:: INFORMATION SHOWN ::

════════════════════

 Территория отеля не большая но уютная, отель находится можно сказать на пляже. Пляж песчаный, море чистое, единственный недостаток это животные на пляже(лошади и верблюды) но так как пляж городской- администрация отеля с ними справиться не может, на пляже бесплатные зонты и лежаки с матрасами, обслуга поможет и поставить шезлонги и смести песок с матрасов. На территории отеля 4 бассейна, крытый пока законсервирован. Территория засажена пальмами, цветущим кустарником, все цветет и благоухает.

════════════════════

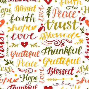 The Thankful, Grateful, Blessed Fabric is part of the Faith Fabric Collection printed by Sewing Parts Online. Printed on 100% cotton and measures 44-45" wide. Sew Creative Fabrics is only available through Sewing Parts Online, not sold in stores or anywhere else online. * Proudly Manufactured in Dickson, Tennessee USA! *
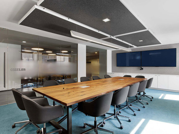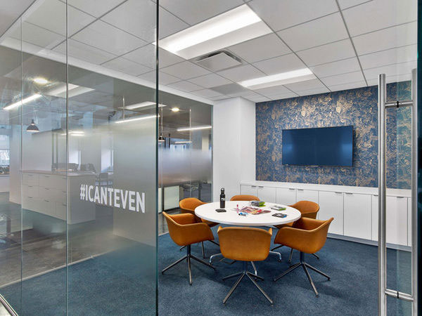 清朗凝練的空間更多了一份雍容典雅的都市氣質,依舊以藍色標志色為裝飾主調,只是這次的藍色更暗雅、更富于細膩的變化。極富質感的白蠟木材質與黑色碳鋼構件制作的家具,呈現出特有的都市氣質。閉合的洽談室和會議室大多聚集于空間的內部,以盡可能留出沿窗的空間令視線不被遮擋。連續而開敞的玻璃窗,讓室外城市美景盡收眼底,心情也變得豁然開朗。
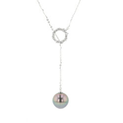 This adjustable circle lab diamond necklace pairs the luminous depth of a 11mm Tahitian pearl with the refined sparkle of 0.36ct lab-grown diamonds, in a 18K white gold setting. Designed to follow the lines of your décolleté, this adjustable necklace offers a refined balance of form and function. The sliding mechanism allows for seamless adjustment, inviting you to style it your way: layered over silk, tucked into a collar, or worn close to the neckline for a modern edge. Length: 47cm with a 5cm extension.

════════════════════

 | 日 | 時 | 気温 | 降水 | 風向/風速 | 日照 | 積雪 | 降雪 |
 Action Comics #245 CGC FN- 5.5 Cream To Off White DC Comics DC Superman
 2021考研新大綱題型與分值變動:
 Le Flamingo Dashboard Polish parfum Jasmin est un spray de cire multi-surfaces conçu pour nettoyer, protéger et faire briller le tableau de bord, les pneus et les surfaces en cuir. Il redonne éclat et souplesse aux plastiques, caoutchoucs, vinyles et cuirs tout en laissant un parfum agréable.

════════════════════

:: ACTIVITY ::
Give back exactly the lines above, from the line containing "日照 | 積雪 | 降雪 |" through the line containing "Le Flamingo Dashboard", with both end lines and nothing more.

:: RESPONSE TO THE EXERCISE ::
 | 日 | 時 | 気温 | 降水 | 風向/風速 | 日照 | 積雪 | 降雪 |
 Action Comics #245 CGC FN- 5.5 Cream To Off White DC Comics DC Superman
 2021考研新大綱題型與分值變動:
 Le Flamingo Dashboard Polish parfum Jasmin est un spray de cire multi-surfaces conçu pour nettoyer, protéger et faire briller le tableau de bord, les pneus et les surfaces en cuir. Il redonne éclat et souplesse aux plastiques, caoutchoucs, vinyles et cuirs tout en laissant un parfum agréable.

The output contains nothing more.